Id. ¶ 15. The Student Activities Fee is also referred to as the Mandatory Fee, id. ¶ 68, or simply as the Fee.

Id. ¶ 15.

Id. ¶ 12.

Camden initiated this suit on behalf of herself and others similarly situated with the filing of a Complaint against Bucknell asserting state law claims for breach of implied contract and unjust enrichment. Bucknell moved to dismiss the Complaint for failure to state a claim. That Motion is fully briefed and ripe for disposition.

See Compl.

Mot. to Dismiss, Doc. 16.

Supp. Br., Doc. 17; Opp'n., Doc. 18. Bucknell did not file a Reply brief.

II. STANDARD OF REVIEW

Federal Rule of Civil Procedure 12(b)(6) authorizes dismissal for “failure to state a claim upon which relief can be granted.” The United States Court of Appeals for the Third Circuit has instructed that, under the standard established by the Supreme Court of the United States in Bell Atlantic Corp. v. Twombly and Ashcroft v. Iqbal, a court reviewing the sufficiency of a pleading must take three steps: (1) “take note of the elements the plaintiff must plead to state a claim”; (2) “identify allegations that, because they are no more than conclusions, are not entitled to the assumption of truth”; and (3) “assume the[] veracity” of all “well-pleaded factual allegations” and then “determine whether they give rise to an entitlement to relief.”

550 U.S. 544 (2007).

556 U.S. 662 (2009).

Connelly v. Lane Constr. Corp., 809 F.3d 780, 787 (3d Cir. 2016) (internal quotations and citations omitted).

III. ANALYSIS

The facts and legal issues presented by this case are not unique: Camden's counsel alone has brought several similar cases and the Third Circuit recently issued its opinion in Hickey v. University of Pittsburgh, a consolidated class-action in which students of the University of Pittsburgh and Temple University sought “partial refunds of tuition and fees on the grounds that they received a materially different educational experience than they were promised and that they were denied access to on-campus facilities and services for which they paid specific fees.”Accordingly, in resolving Bucknell's Motion this Court follows the recently forged, but already well-worn path established by the Third Circuit and other courts to have addressed essentially identical issues.

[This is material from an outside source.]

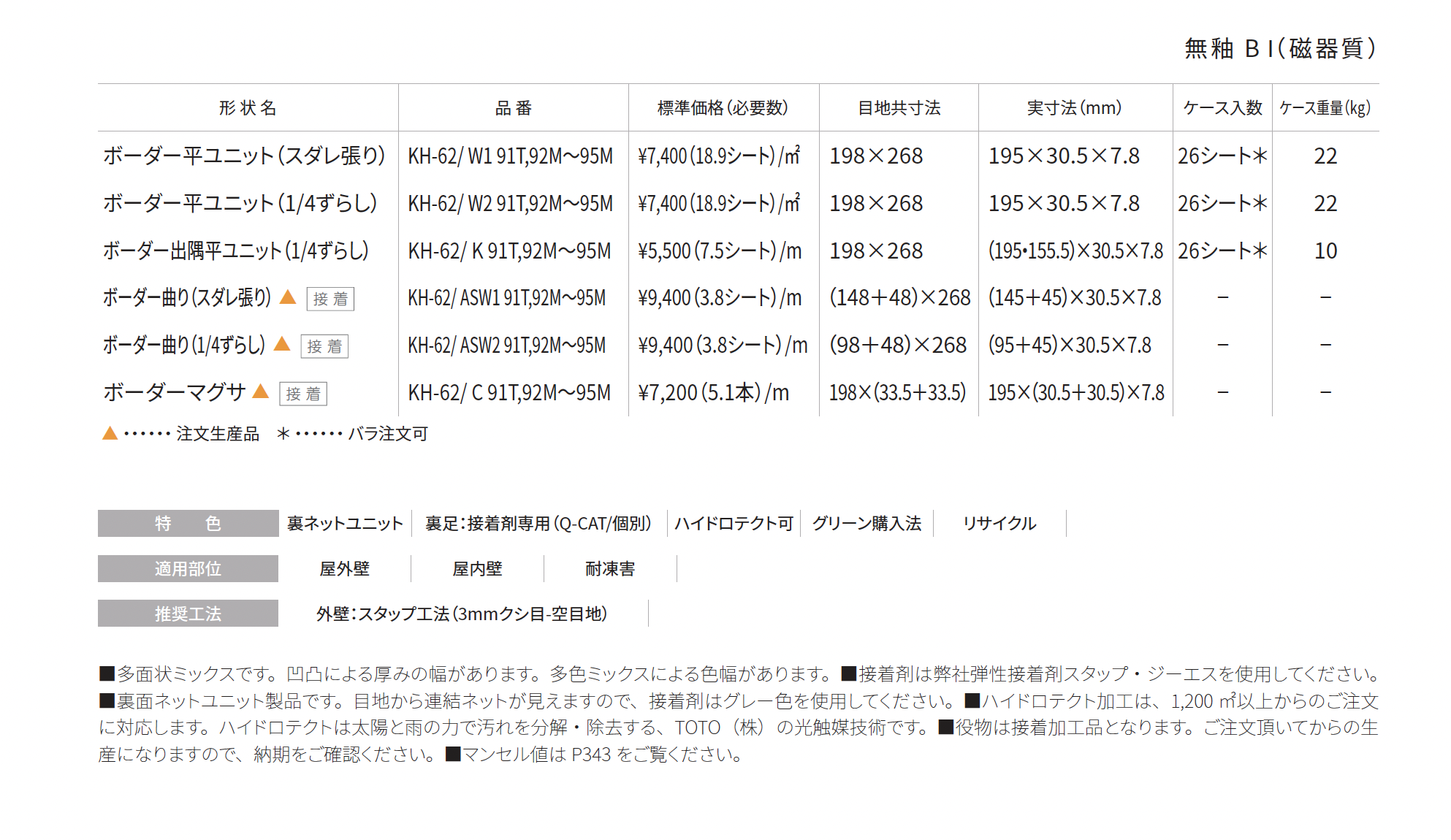 柔らかな石面と、無のマットなカラー展開が特徴のボーダータイルです。 タイルの表情をより楽しめる、少し幅広なサイズで建物を上品に引き立てます。

Baughman Aff., Doc. 17-1 ¶ 3.

81 F.4th 301, 305 (3d Cir. 2023).

As Camden notes, several other Circuit Courts of Appeals “have similarly found that student-plaintiffs in this context plausibly allege a breach of contract and, in the alternative, unjust enrichment.” Opp'n. 5 n.3 (citing Rynasko v. New York Univ., 63 F.4th 186, 201 (2d Cir. 2023); Shaffer v. George Washington Univ., 27 F.4th 754, 765 (D.C. Cir. 2022); Gociman v. Loyola Univ. of Chicago, 41 F.4th 873, 885 (7th Cir. 2022); Jones v. Admin'rs of Tulane Educ. Fund, 51 F.4th 101, 116 (5th Cir. 2022)). But see Burt v. Board of Trs. Of Univ. of R.I., 84 F.4th 42, 54-56 (1st Cir. Oct. 13, 2023) (affirming grant of motion to dismiss and holding that defendant university was discharged of its obligation to perform, and it was not unjust for it to retain the tuition payments since they continued to provide an education in an alternative format).

A. Breach of Contract

“As a general matter, in Pennsylvania, ‘[a] contract implied in fact is an actual contract which arises where the parties agree upon the obligations to be incurred, but their intention, instead of being expressed in words, is inferred from acts in the light of the surrounding circumstances.'” In the university context, “Pennsylvania courts have recognized that students may bring breach of contract claims for ‘specific undertakings' that a university promised but failed to deliver, such as a certain curriculum, accreditation, or degree.” However, “not every benefit touted by a university gives rise to a contractual commitment.”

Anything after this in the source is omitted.